Yale to establish Islamic law center

A Saudi businessman donated $10 million to Yale Law School to establish what school officials hope will become the country’s top center for the study of Islamic law. Donor Abdallah S. Kamel is chief executive of the Dallah Albaraka Group, a banking and real estate enterprise. Yale officials said the Abdallah S. Kamel Center for the Study of Islamic Law and Civilization reflects a growing interest in Islamic law and culture.



Police in Gray case to be tried in Baltimore

Six police officers charged in the death of Freddie Gray, a 25-year-old black man who suffered a fatal spinal cord injury in police custody, will be tried in Baltimore. In making his decision to keep the trial in the city, Judge Barry G. Williams said that defense lawyers had not met the constitutional burden for relocating the trial. The city agreed this week to pay the Gray family $6.4 million to settle an expected lawsuit in his April death.

Washington, D.C.

Former Clinton aide refuses to testify

A former State Department employee who helped set up and maintain Hillary Rodham Clinton’s private e-mail server refused to testify to a House committee. Bryan Pagliano appeared briefly before a House committee investigating the 2012 Benghazi attacks.

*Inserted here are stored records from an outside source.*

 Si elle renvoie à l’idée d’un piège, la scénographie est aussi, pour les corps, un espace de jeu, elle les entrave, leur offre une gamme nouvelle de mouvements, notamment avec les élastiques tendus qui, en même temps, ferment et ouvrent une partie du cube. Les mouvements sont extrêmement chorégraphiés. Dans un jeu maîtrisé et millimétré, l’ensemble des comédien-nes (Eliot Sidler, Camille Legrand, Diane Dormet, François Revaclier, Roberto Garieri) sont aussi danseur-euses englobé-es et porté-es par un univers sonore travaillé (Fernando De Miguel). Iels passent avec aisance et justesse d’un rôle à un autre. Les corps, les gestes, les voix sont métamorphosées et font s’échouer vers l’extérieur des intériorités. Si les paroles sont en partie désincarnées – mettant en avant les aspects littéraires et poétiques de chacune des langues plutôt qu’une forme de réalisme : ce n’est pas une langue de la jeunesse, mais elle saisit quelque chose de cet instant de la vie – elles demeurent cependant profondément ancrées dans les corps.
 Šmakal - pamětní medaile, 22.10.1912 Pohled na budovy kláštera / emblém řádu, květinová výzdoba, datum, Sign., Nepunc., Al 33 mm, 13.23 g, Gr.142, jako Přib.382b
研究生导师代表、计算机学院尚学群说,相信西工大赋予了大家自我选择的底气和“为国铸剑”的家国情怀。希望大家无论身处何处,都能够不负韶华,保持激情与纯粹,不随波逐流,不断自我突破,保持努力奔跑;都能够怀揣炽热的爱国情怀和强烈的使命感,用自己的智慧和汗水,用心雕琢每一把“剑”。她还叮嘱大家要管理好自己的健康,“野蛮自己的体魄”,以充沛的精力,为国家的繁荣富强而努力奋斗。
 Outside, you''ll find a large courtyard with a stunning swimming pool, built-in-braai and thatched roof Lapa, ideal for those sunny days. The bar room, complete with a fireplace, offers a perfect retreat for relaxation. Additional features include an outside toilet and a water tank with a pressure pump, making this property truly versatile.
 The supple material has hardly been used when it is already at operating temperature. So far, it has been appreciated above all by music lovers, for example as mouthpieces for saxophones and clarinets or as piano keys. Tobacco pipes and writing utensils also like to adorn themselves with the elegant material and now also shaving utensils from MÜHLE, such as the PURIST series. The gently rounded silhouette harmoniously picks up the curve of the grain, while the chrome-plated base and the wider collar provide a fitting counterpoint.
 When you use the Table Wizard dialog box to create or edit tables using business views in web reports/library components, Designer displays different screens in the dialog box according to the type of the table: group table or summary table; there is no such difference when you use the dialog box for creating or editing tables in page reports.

Arrest made in Missouri bomb plot

Joshua Goldberg of Orange Park, was accused of telling a federal informant to plant a bomb at a Kansas City, Mo., event commemorating the Sept. 11, 2001, attacks.


Coalition escalates ground offensive

A Saudi-led coalition battling Shiite insurgents is escalating its ground offensive, amassing troops from several countries in recent weeks in a region that is within striking distance of the country’s rebel-held capital, Sanaa.



Warning of an imminent civil war

The leader of Turkey’s main pro-Kurdish political party, Selahattin Demirtas, warned that the country was on the verge of full-blown civil war between state forces and militant Kurdish separatists.


Annual celebration of hero turns bloody

The annual celebration of Afghanistan’s official national hero, Ahmed Shah Massoud, descended into violence and ethnic tensions as his armed supporters began marauding through the streets, officials said. At least two people were killed and at least five were wounded. Heavily armed young men — mostly from Massoud’s native Panjshir Valley — tried to attack neighborhoods belonging to rival ethnic groups. Massoud was a leader of the mujahedeen resistance against the Soviets and, later, the Taliban. He was the leader of the Northern Alliance at the time of his 2001 assassination.